WHAT YOU ARE ASKED TO DO: From the first line to the last, restate the material word for word, omitting pictures.

SOURCE MATERIAL:

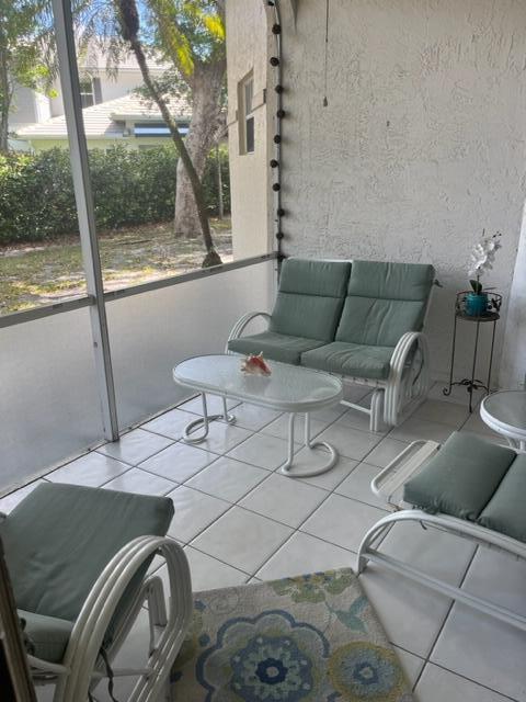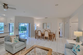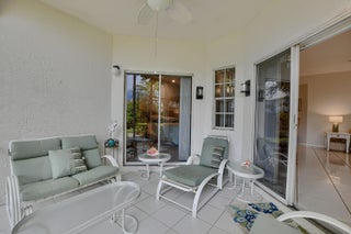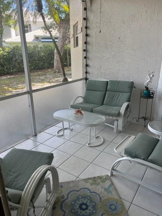 Annual furnished rental or 6 month minimum seasonal rental now available. Beautiful first-floor garden apartment, featuring tile floors in the main living areas and cozy carpet in the bedrooms. The updated open kitchen boasts granite counters, elegant white cabinets and replaced appliances. Perfect for entertaining, the great room flows seamlessly into the dining area. The spacious primary bedroom includes a large renovated bathroom, ample closet space, and direct access to the patio. The second bedroom offers a generous wall closet and easy access to the updated second bath. Enjoy serene garden views from the expansive screened patio. Convenient assigned parking is located right at the front entrance. The community offers a large pool with scenic lake views.
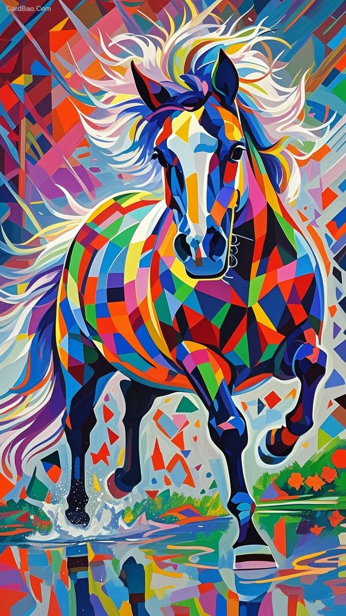 世界抽象画大师杰作,极繁主义,扁平插画,丽贝卡·莫里斯(Rebecca Morris)的风格,一匹奔跑的骏马,繁复的抽象图案,生动浓烈的色彩,纹理叠加,动感的抽象构图,自由奔放的抽象风格,高品质细节,超高清分辨率,最佳品质,8K壁纸,
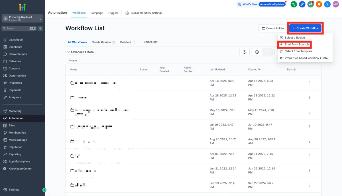 Click Create Workflow > Select Start from scratch.
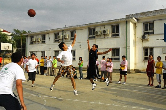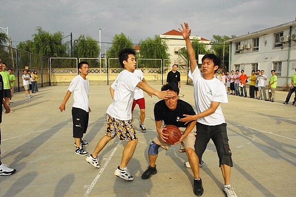 在紧张的干训之余,校团委干训会务组为学员们举行了一场别开生面的篮球友谊赛。
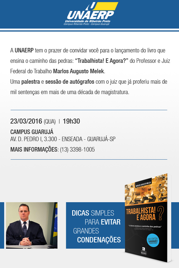 Lançamento do livro "Trabalhista! E Agora" do Prof. e Juiz Federal do Trabalho Marlos Augusto Melek
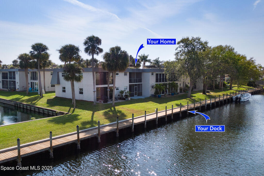 MOTIVATED SELLER! BRING OFFER! NO WEIGHT LIMIT ON PETS. ASSIGNED 30 FOOT WATERFRONT DOCK ON CANAL THAT LEADS TO INTRACOASTAL! KITCHEN AND BATHS ARE ORIGINAL BUT IN GOOD CONDITION, PLEASE LOOK AT PHOTOS. ,TWO STORY TOWNHOME/CONDO, NO ONE IS LIVING ABOVE YOU. . LIGHT & BRIGHT! FIRST FLOOR IS OPEN CONCEPT WITH LIVING, DINING, KITCHEN WITH NEW FRIDGE AND LOTS OF SPACE, HALF BATH, LAUNDRY, AND SCREENED PORCH. UPSTAIRS IS TWO LARGE BEDROOMS EACH WITH A PRIVATE BATH AND BALCONY. COMPLEX HAS POOL, BASKETBALL & TENNIS COURT. LOTS OF STORAGE, UNDER THE STAIRS STORAGE & FOUR WALK IN CLOSETS. ALMOST ALL THE FURNITURE STAYS, INCLUDING TV'S! DUES INCLUDE: INSURANCE, WATER, SEWER, LAWN MAINTENANCE, TRASH, DOCK, POOL,PEST, ROOF & EXTERIOR MAINTENANCE. FULL SIZE WASHER& DRYER& NEWER WATER HEATER
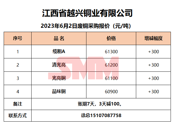 6月2日江西越兴 废铜采购报价
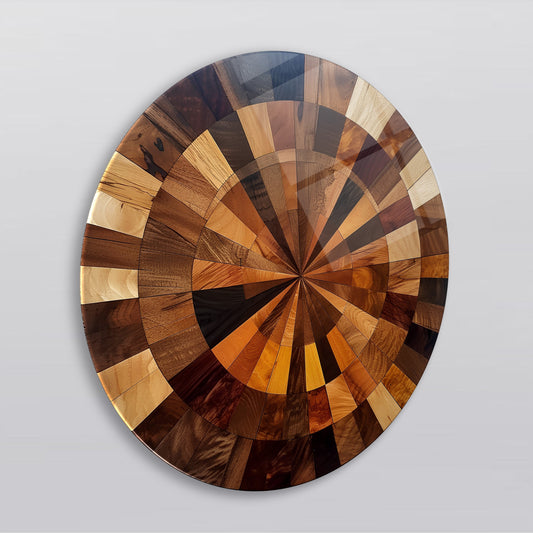 Soyut Ahşap Desenler Yuvarlak Cam Tablo
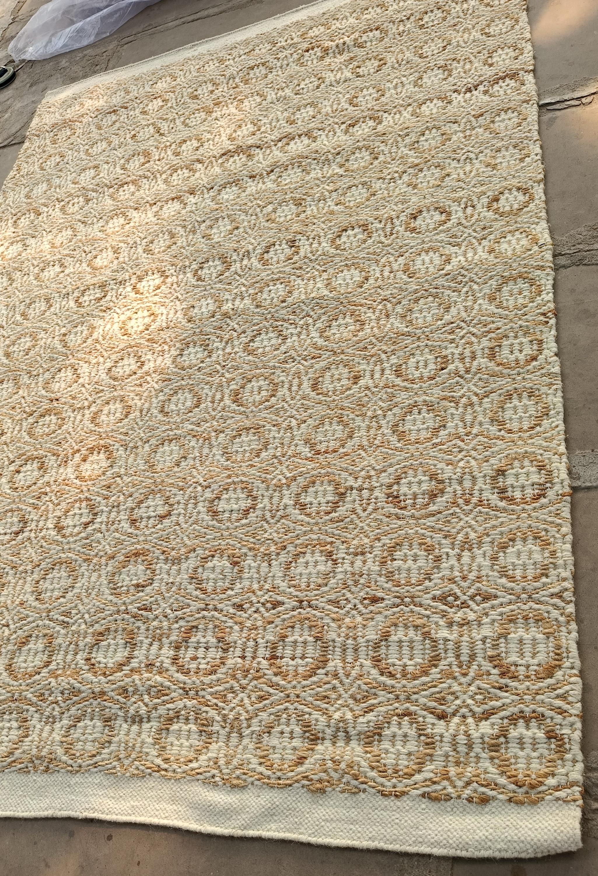 Handwoven Natural Jute Rug | gold & Ivory Textured Flatweave Rug | Minimalist Boho Eco Friendly Area Rug
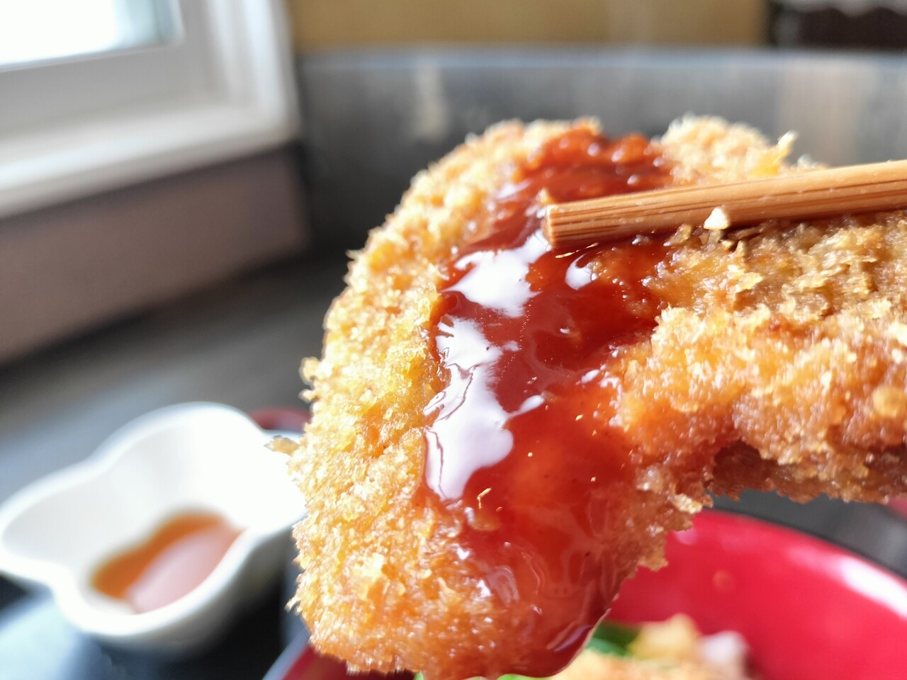 豚肉は柔らかく 衣は薄めですが サクサクと食感が楽しく 甘めのタレがカツとマッチングして バリ美味!
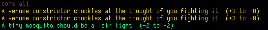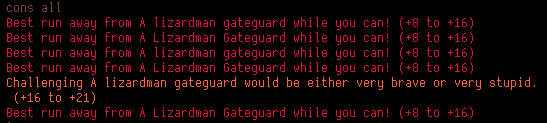 When you type "consider" it simply colours the output in a way which indicates how much the mobs you are in the room with are to be feared.

SOLVED EXERCISE:
 Annual furnished rental or 6 month minimum seasonal rental now available. Beautiful first-floor garden apartment, featuring tile floors in the main living areas and cozy carpet in the bedrooms. The updated open kitchen boasts granite counters, elegant white cabinets and replaced appliances. Perfect for entertaining, the great room flows seamlessly into the dining area. The spacious primary bedroom includes a large renovated bathroom, ample closet space, and direct access to the patio. The second bedroom offers a generous wall closet and easy access to the updated second bath. Enjoy serene garden views from the expansive screened patio. Convenient assigned parking is located right at the front entrance. The community offers a large pool with scenic lake views.
 世界抽象画大师杰作,极繁主义,扁平插画,丽贝卡·莫里斯(Rebecca Morris)的风格,一匹奔跑的骏马,繁复的抽象图案,生动浓烈的色彩,纹理叠加,动感的抽象构图,自由奔放的抽象风格,高品质细节,超高清分辨率,最佳品质,8K壁纸,
 Click Create Workflow > Select Start from scratch.
 在紧张的干训之余,校团委干训会务组为学员们举行了一场别开生面的篮球友谊赛。
 Lançamento do livro "Trabalhista! E Agora" do Prof. e Juiz Federal do Trabalho Marlos Augusto Melek
 MOTIVATED SELLER! BRING OFFER! NO WEIGHT LIMIT ON PETS. ASSIGNED 30 FOOT WATERFRONT DOCK ON CANAL THAT LEADS TO INTRACOASTAL! KITCHEN AND BATHS ARE ORIGINAL BUT IN GOOD CONDITION, PLEASE LOOK AT PHOTOS. ,TWO STORY TOWNHOME/CONDO, NO ONE IS LIVING ABOVE YOU. . LIGHT & BRIGHT! FIRST FLOOR IS OPEN CONCEPT WITH LIVING, DINING, KITCHEN WITH NEW FRIDGE AND LOTS OF SPACE, HALF BATH, LAUNDRY, AND SCREENED PORCH. UPSTAIRS IS TWO LARGE BEDROOMS EACH WITH A PRIVATE BATH AND BALCONY. COMPLEX HAS POOL, BASKETBALL & TENNIS COURT. LOTS OF STORAGE, UNDER THE STAIRS STORAGE & FOUR WALK IN CLOSETS. ALMOST ALL THE FURNITURE STAYS, INCLUDING TV'S! DUES INCLUDE: INSURANCE, WATER, SEWER, LAWN MAINTENANCE, TRASH, DOCK, POOL,PEST, ROOF & EXTERIOR MAINTENANCE. FULL SIZE WASHER& DRYER& NEWER WATER HEATER
 6月2日江西越兴 废铜采购报价
 Soyut Ahşap Desenler Yuvarlak Cam Tablo
 Handwoven Natural Jute Rug | gold & Ivory Textured Flatweave Rug | Minimalist Boho Eco Friendly Area Rug
 豚肉は柔らかく 衣は薄めですが サクサクと食感が楽しく 甘めのタレがカツとマッチングして バリ美味!
 When you type "consider" it simply colours the output in a way which indicates how much the mobs you are in the room with are to be feared.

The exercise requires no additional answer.